Sent from my iPhone using Tapatalk


----------



## JohnM

3ll3d00d said:


> what's the difference between ERB (equivalent rectangular bandwidth I suppose?) and Psy smoothing? ERB is, visually, noticeably nicer than Psy as the latter has odd humps. It also seems a better option than Var as Var is too smooth at high frequencies. Psy looks a lot like one of the acourate functions tbh albeit one of the ones that, on its own, is not useful and seems to be designed to be used with another function.
> 
> I would say ERB looks particularly good at dealing with HF noise, for example it really removes the cruft from a a gated speaker measurement without actually changing it's real shape at all. It's not as effective for subwoofer use though as it seems you lose a lot of (lower) frequency resolution, it seems more effective >5-600Hz to me.


ERB follows the profile of the ear's Equivalent Rectangular Bandwidth, which is pretty much 1/6th octave above 1 kHz and levels out to 25 Hz or so at low frequencies. I'm not sure it has much practical application though. The variable smoothing option is deliberately quite smoothed at HF (1/3rd octave above 10 kHz) to provide a good input for the automatic EQ. The psychoacoustic smoothing in the beta version is to emulate the response Bob provided, a 15 cycle frequency-dependent window combined with what looks like a form of dip limiting consisting of taking the greater of the response or the 1/3rd octave smoothed response. That won't make it into a release version, I have other ideas about what psychoacoustic smoothing should consist of and frequency-dependent windowing will be provided as part of the IR window options.


----------



## Niick

subterFUSE said:


> Oh. I took you post to say Smaart had to be swept, analyzed, reswept? While SysTune could be viewed and adjusted in real time? I like the multiple mic array idea because special averaging in a pain in the ___. I hate doing it in REW because of the time it takes to sweep, move, sweep, repeat. Especially this time of year when I'm working in a hot garage. What's the mic array look like? Where do you buy one? I have that same Dayton mic from Cross Specrum Labs. Might get a few more. I have a miniDSP USB mic, too. But I can't use it for IR with REW because it's USB. Sent from my iPhone using Tapatalk


Oh, ok gotcha. Yeah, I guess I should have been more clear, Smaart is just like SysTune in that respect. Totally real time.


----------



## Niick

JohnM said:


> . That won't make it into a release version, I have other ideas about what psychoacoustic smoothing should consist of and frequency-dependent windowing will be provided as part of the IR window options.

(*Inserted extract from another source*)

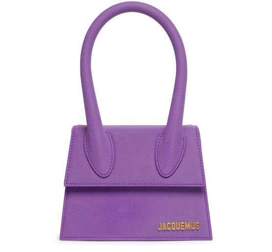 The Jacquemus Le Chiquito Moyen bag is a medium-sized bag made of smooth leather. It features a handle for easy carrying and a flap closure to keep your belongings secure. The logo is displayed in gold letters, adding a touch of elegance. This bag is perfect for those who prefer to wear their bags in their hand.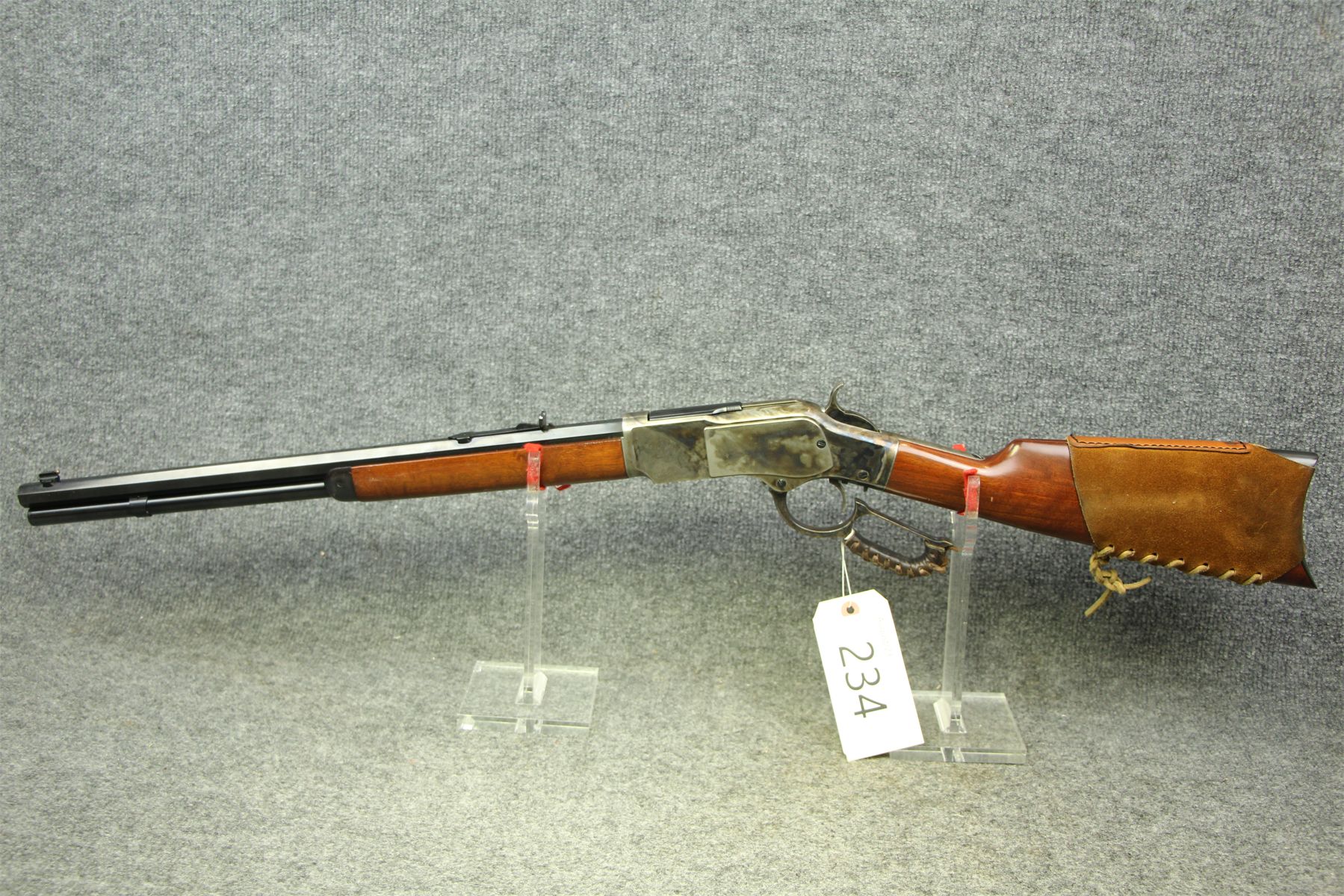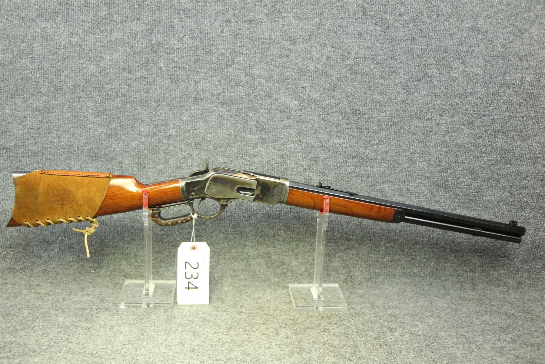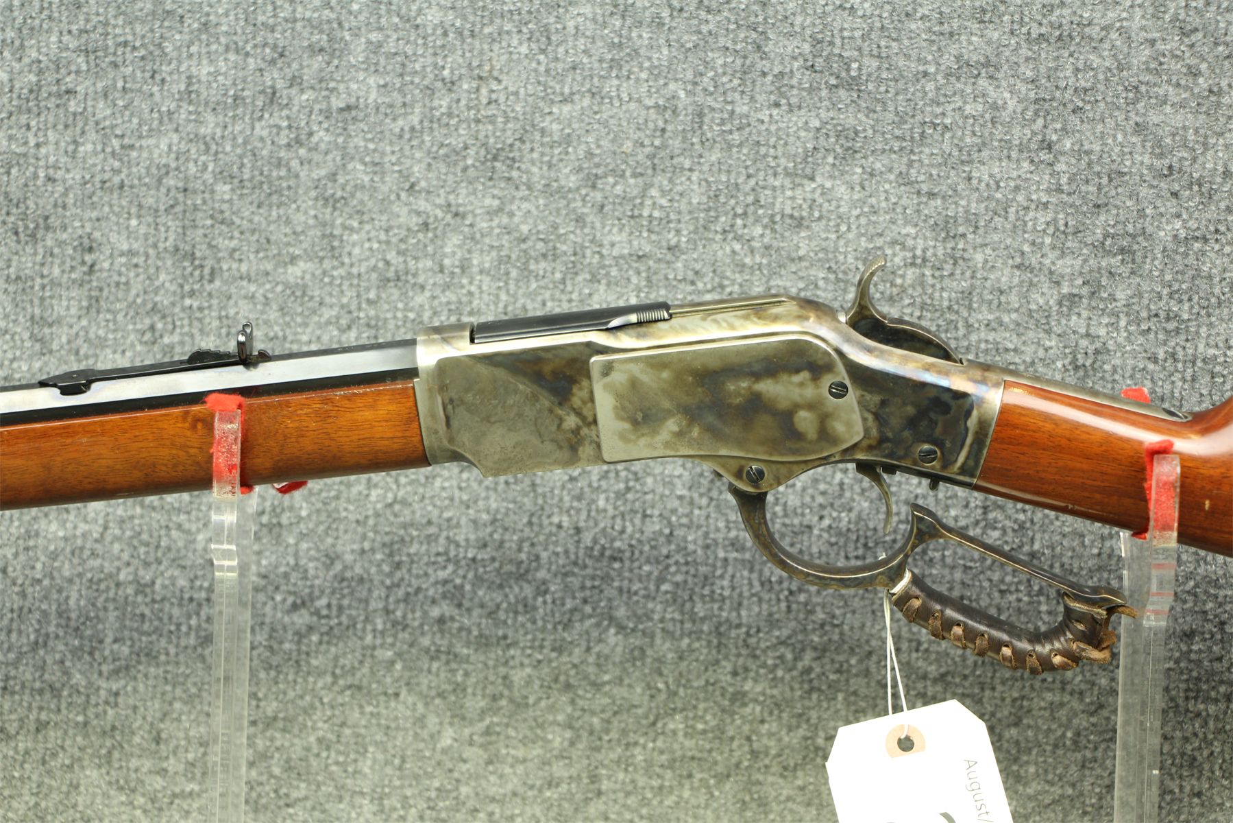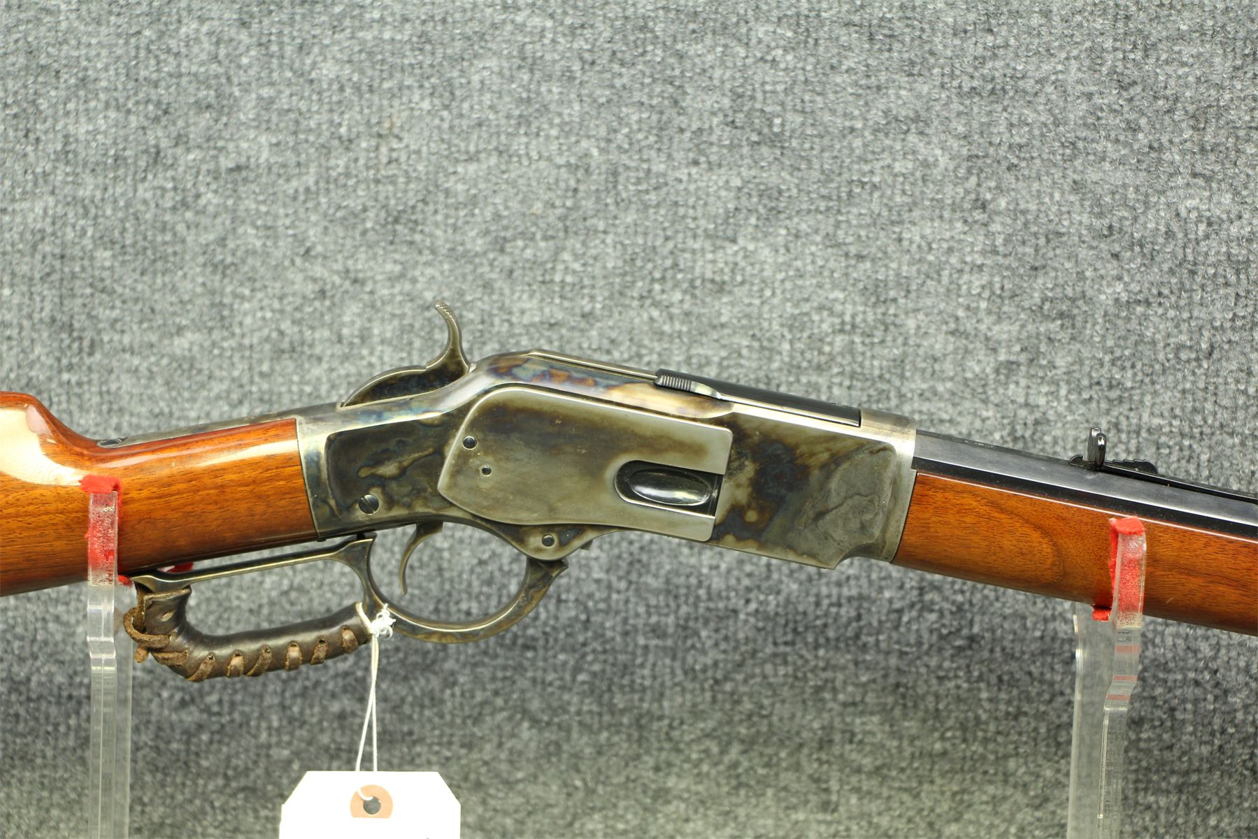 Great representation. Case hardening throughout. Leather comfort on the hoop and buttstock. Octagonal barrel. Tiniest of handling marks only.

Right on John! That is absolutely awesome. I'm a big fan of frequency dependent windowing, not necessarily for psychoacoustic reasons, but still, I can't wait!


----------



## JohnM

New beta builds with frequency dependent window options in the IR windows dialog (defaults in Analysis preferences) and revised psychoacoustic smoothing are now available for Windows and Mac.


----------



## ajinfla

Thanks again John


----------



## jtalden

JohnM,
Thanks for this feature! While I don't have particular use for it in SPL analysis, It sure works great for phase analysis. See below.


----------



## Niick

From the SysTune manual, referring to their TFC (frequency dependent) window

"For each frequency data point there is a different window length, namely for each doubling of the frequency the window length is cut in half. For example, the window length at 1 kHz is twice as long as the length at 2 kHz but only half as long as at 500 Hz. The actual window for each frequency is a Tukey 50% window. " 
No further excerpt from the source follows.